7.4.2 Guidelines for prompting for statistical advice
Attach domain knowledge Try to find quality written advice from recognized researchers to include in your prompts.
Always provide context on the data For instance, the model will give better advice for the prompt above if we tell it that pres.topa
is integer counts (it will probably then recommend poisson GLM straight away). Likewise, if your replicates are different sites, tell that to the model so it has the opportunity to recommend approaches that are appropriate for spatial analysis.
Attach data to your prompts You can attach the whole dataset if its in plain text (e.g. csv). Or write a summary()
and/or head()
to file and attach that.
Combine the above approaches with Chain of Thought Just add ‘use Chain of Thought reasoning’ to your prompt. Its that easy.

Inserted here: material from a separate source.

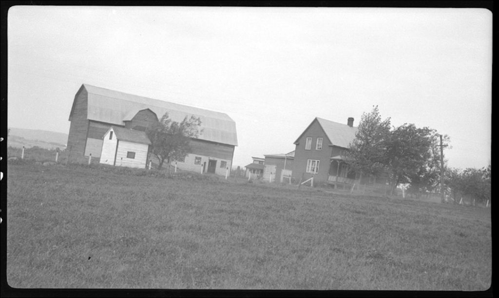 Construction de la ferme de M. Ed. Labelle à Disraëli, 1943, Archives nationales à Québec, Fonds Ministère de la Culture et des Communications, (03Q,E6,S7,SS1,D2,P14852), G. Gaudette.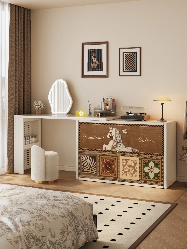 美世达のヴィンテージ風アイアン製小型伸縮ドレッサー&チェスト一体型ベッドルーム用スチールドレッサー - 2025年新作!スタイリッシュで機能的、あなたの部屋を魅力的に演出します!

Double-up on chain of thought with self evaluation After the initial suggest try prompts like “are you sure?”, “Take a deep breath, count to ten and think deeply”, “Evaluate the quality of the options on a 1-5 scale”.
Tip: Make a library of reference material for your prompting. If you see vignettes, blogs, or supplemental sections of papers that explain an analysis well, save them as text files to use in prompts.
7.4.3 Improving our initial prompt by attaching data
Recall our initial prompt was:
How can I statistically test the relationship between pres.topa and CB_cover?
Try some of the strategies above (make a new prompt by clicking the + button) and compare the quality of advice.
For instance, you can save a data summary like this:
Then drag and drop it into the ask window and add something like:
How can I statistically test the relationship between pres.topa and CB_cover? Here are the first 6 rows of data
7.4.4 Improving our initial prompt by attaching domain knowledge
You can further improve the response by attaching a trusted resource. e.g. save this webpage on count models for ecology to your computer. Then you can attach the html file. That turned out to be a bit slow to compute (file too large?). Would be better if we had in plain text (e.g. copy and paste the text to a file, or use an extraction tool to extract text from the html).
If you installed the websearch tool (which will likely become default in future) then you could add a prompt like this:
How can I statistically test the relationship between pres.topa and CB_cover? Here are the first 6 rows of data. pres.topa is my response and it is count data. Use @websearch to find robust recommendations for ecologists to analyse count data before proceeding with your recomemndations.
That worked well for me. I then followed up with:
Great. Evaluate the robustness of each suggestoin on a 1-10 scale
And it gave me a nice summary suggesting to try overdispersion models first (which is a good suggestion).
The absolute best practice would be to give the assistant all the context for your study and observational design. Let’s see how doing that can work in our favour when planning implementation.
7.5 Planning implementation
The other main way to use Ask mode is for help in implementing an analysis. Many of our workflows are complex and involve multiple data wrangling steps.
To get the best out of GC I recommend creating a detailed README.md file with project context. Let’s try that and use it to plan our project.
Save the README.md that his here to a local file. (Remember that we are going to be using this as a prompt, so read it first).
Now you can attach it (or open it then click new chat). Given all the context you’ve provided you can just write something simple like:
Help me plan R code to implement this analysis.
Or
Help me plan the workflow and scripts to implement this analysis
I did this. It suggested both code (that looked approximatley correct) and the directory structure, sticking to my guideline in the readme about being modular.
You should iterative with Ask mode to if there are any refinements you want.
Let’s move onto edit mode to see how to put this plan to action.